Titulaire d’une maîtrise d’allemand et du diplôme de documentaliste, Hélène entre chez les sœurs de saint François d’Assise en 2013, après avoir travaillé pendant dix ans au Secours catholique. Dès sa sortie du noviciat, elle rejoint à nouveau le service des pauvres en œuvrant auprès de la Caritas d’Alsace. Ornithologue de passion, elle aime les oiseaux et avec eux leurs milieux de vie. “Les voir disparaître est très compliqué à supporter pour moi. Heureusement la spiritualité de saint François m’aide beaucoup. Laudato si’ a été le livre de mes vacances de l’été 2015. Sa lecture a été très forte”, confie la religieuse. Entre amour du vivant et liens développés avec la diaconie, sœur Hélène expérimente naturellement les fondements de l’encyclique du pape François sur la question de l’environnement qui fait partie désormais de la doctrine sociale de l’Église. La religieuse arrive en 2018 dans le diocèse de l’Orne d’abord au service de la visite pastorale en monde rural de Mgr Jacques Habert, alors évêque de Séez. Une mission couplée avec celle de porter la préservation de la maison commune. Elle relève alors “une belle dynamique qui frémit doucement”.
S’appuyer sur un réseau
Depuis, elle poursuit ce rôle-là à mi-temps avec une commission composée de sept personnes, qui travaillent aux moyens de rendre visible les enjeux de l’écologie intégrale. En octobre dernier, sa congrégation l’envoie vivre au sein de la fraternité des neuf sœurs de Fontenay-sous-Bois dans le Val-de-Marne. “Je navigue actuellement beaucoup en train et je recherche un successeur. Le frère Emmanuel est aussi moins disponible depuis qu’il a été élu au conseil de sa congrégation. La commission a besoin de quelqu’un qui porte les projets sur le long terme”, souligne sœur Hélène. Attentive aux évènements du monde, la religieuse note des intérêts croissants pour la cause écologique quand son équipe, elle, peine à se faire entendre. “Heureusement, le réseau des référents diocésains à l’écologie intégrale est un bon soutien”, assure-t-elle.
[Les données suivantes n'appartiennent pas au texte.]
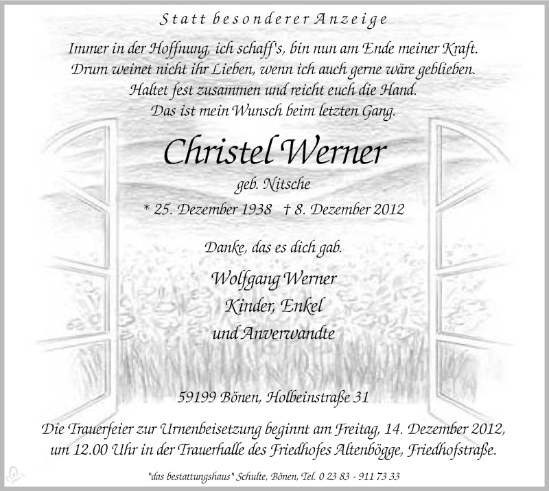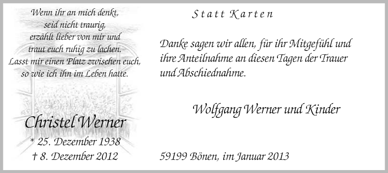 Hier finden Sie alle Traueranzeigen aus der Zeitung, die bisher für Christel Werner erschienen sind. Weitere Traueranzeigen, die in der Zeitung erscheinen, werden hier ebenfalls aufgelistet
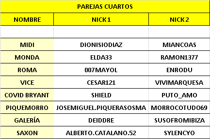 ABRE LA PAREJA SITUADA ARRIBA. PASADAS 2 HORAS DEL INICIO DE LA JORNADA PODRÁ HACERLO LA PAREJA DE ABAJO.
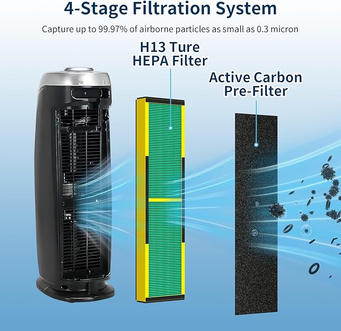 - Package Including: The package includes 2 H13 true HEPA filters and 6 activated carbon pre-filters for germ guardian air puri-fier, which are cost-effective and can save you money. Maintaining the best air quality in your home or office is very important for your health and happiness.
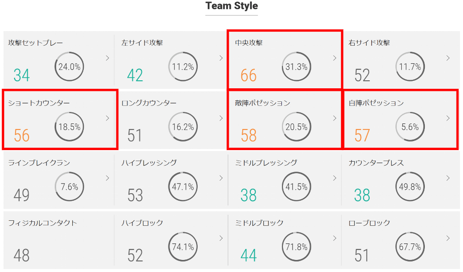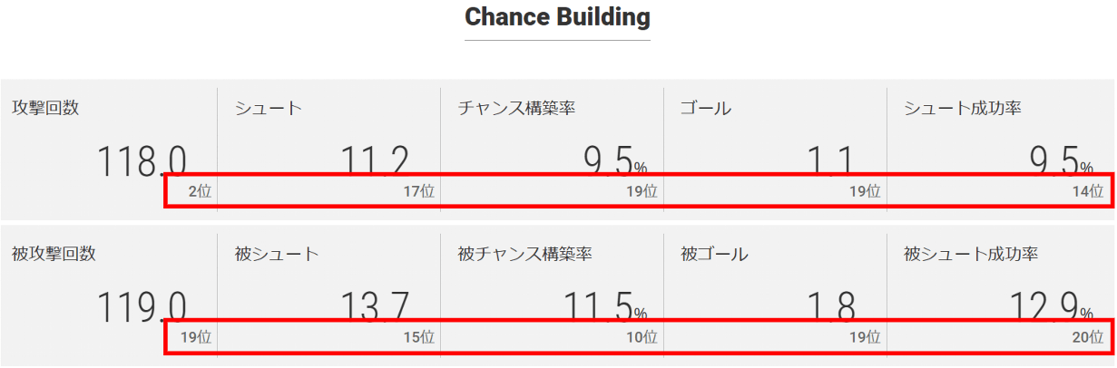 ChanceBuildingデータではチャンス構築率、シュート成功率は低めとなっており、ボールをもって攻め込まれても焦ることなく守ることで、勝機を見出せるかもしれません。被ゴール、被シュート成功率の値も低く、逆に攻撃時は積極的にシュートを撃つ姿勢でゴールを目指していくのがよさそうです。

Initié sous l’impulsion d’Elena Lasida alors chargée de mission Écologie et société dès 2016, ce réseau prend une nouvelle dimension à la suite des assemblées plénières des évêques consacrées à Laudato si’ entre 2019 et 2022. “Nous sommes passés de quelques personnes à une soixantaine d’acteurs. Aujourd’hui, peu de diocèses restent sans référent à l’écologie intégrale. Nous nous réunissons tous les mois en visio autour d’un temps de partage, d’un apport spécifique, d’une discussion à bâton rompu, selon les besoins des uns et des autres. Nous nous rencontrons aussi chaque année fin janvier soit à Paris, soit en région. L’an dernier, nous nous sommes retrouvés à l’écocentre spirituel du Châtelard près de Lyon. C’était une belle expérience ! Alors que nous n’avions pas de référent national, nous avons vu la force du réseau : nous ne lâchons rien ! C’est un bon réseau, un beau lieu”, partage sœur Hélène. Cette année, un des groupes de travail un a été chargé de redéfinir l’écologie intégrale en rendant mieux compte de sa dimension spirituelle. Ce qui a été retenu ? “L’écologie intégrale est un art de vivre qui nous invite à nourrir des relations justes et harmonieuses avec les autres, avec Dieu, avec le monde créé et nous-même, pour redécouvrir que cela est bon”.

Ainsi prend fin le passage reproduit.